Kultursubventionen und Studiengebühren
Der bayerische Wissenschaftsminister finanziert aus seinem Haushalt die 70,7 Millionen teure Luxussanierung eines Theaters
Mit 70.700.000 Euro kann ein Wissenschaftsminister einiges anfangen. Er könnte damit zum Beispiel einen ganzen Haufen Assistentenstellen schaffen. Oder der Hälfte der Studenten im Freistaat Bayern ein Semester lang die Gebühren erlassen. Der bayerische Wissenschaftsminister Wolfgang Heubisch aber hat mit dem Geld etwas anderes vor: Der gelernte Zahnarzt will die 70.700.000 in die Renovierung eines einzigen Münchener Theaters stecken.
Begründet wird dies damit, dass dieses 1864 errichtete Gärtnerplatztheater baufällig sei. Treffen die Wehklagen von ständig platzenden Heizungsrohren, Stromausfällen und Schimmel allerdings zu, dann läge es nahe, ein solch baufälliges Gebäude schleunigst abzureißen und das Grundstück zu Gunsten des Staatshaushalts an private Investoren zu verkaufen, die gerade in diesem Teil Münchens erhebliche Summen zahlen dürften.
Doch einen Abriss will Heubisch deshalb nicht, weil er das Gebäude für "eines der architektonisch schönsten Theater Bayerns" hält. Zudem, so der FDP-Politiker, würden solch einer Lösung denkmalpflegerische Erwägungen entgegenstehen. Außerdem könne man nach Fertigstellung der Sanierung Proberäume verkaufen, was die Sache langfristig gesehen nicht ganz so teuer machen würde.
Damit überzeugte Heubisch jedoch nicht einmal den eigenen Koalitionspartner vollständig.
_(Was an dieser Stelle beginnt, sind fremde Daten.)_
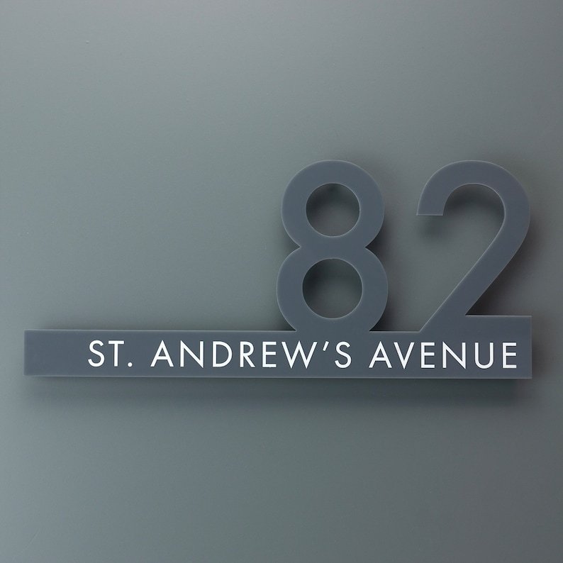 The Contemporary Cut Out Modern House Number Sign Printed Address Signage – Matt & Gloss Finishes goes beyond functionality. It’s designed with precision to balance readability, durability, and visual appeal. The bold, cut-out design makes your house number stand out, ensuring it’s easy to find while doubling as a piece of exterior décor.

Der Haushaltsausschuss winkte die Luxussanierung zwar weitgehend diskussionslos durch, doch danach meldeten sich CSU-Abgeordnete aus benachteiligten Regionen wie der Hofer Fraktionsvize Alexander König, der laut einer Information der Münchener Abendzeitung beklagte, es sei ein "Saustall", dass die Staatsregierung Mittel für die Ausbesserung kaputter Straßen verweigert, aber "für diese Schicki-Micki-Pläne plötzlich Millionen hat."
König bekam für seine Kritik in der Fraktionssitzung auch deshalb viel Beifall, weil Heubischs Pläne offenbar lange so geheim gehalten wurden, dass viele Parlamentarier bei den Haushaltsverhandlungen (in denen es fast ausschließlich darum ging, wie viel Geld ihre Wahlkreise und Interessenverbände weniger bekommen) nie davon gehört hatten. Allerdings sind die von einigen CSU-Abgeordneten als Alternativen zum behindertengerechten und energiesparenden Umbau des Gärtnerplatztheaters genannten Dorferneuerungs- und Städtebauförderungsprogramme ein ähnlich problematischer Posten wie die Luxussanierung der Münchener Spielstätte: In diesen beiden Bereichen wurden in der Vergangenheit nämlich Mittel häufig dazu verwendet, Teerstraßen aufzureißen und durch Kopfsteinpflaster zu ersetzen, damit das örtliche Baugewerbe ein paar Aufträge bekommt.
Am Dienstag stimmte der Ministerrat trotzdem einem Doppelhaushaltentwurf 2011/12, in dem die Baumaßnahme enthalten ist. Der Landtag wird diesen Entwurf aller Voraussicht nach absegnen, auch wenn sich der Zorn mancher CSU-Mitglieder mittlerweile in einer neuen Austrittswelle entlädt, bei der jedoch nicht nur die Verteilungspolitik, sondern auch die blitzartig erfolgte Erhöhung der Mitgliedsbeiträge von 50 auf 62 Euro eine Rolle spielt. Zusätzliches Futter für die mit der Verschwendung von Steuergeldern Unzufriedenen lieferte Ministerpräsident Horst Seehofer, der unlängst in einer Fernsehshow den Eindruck vermittelte, er könne keine siebenstelligen Zahlen vorlesen.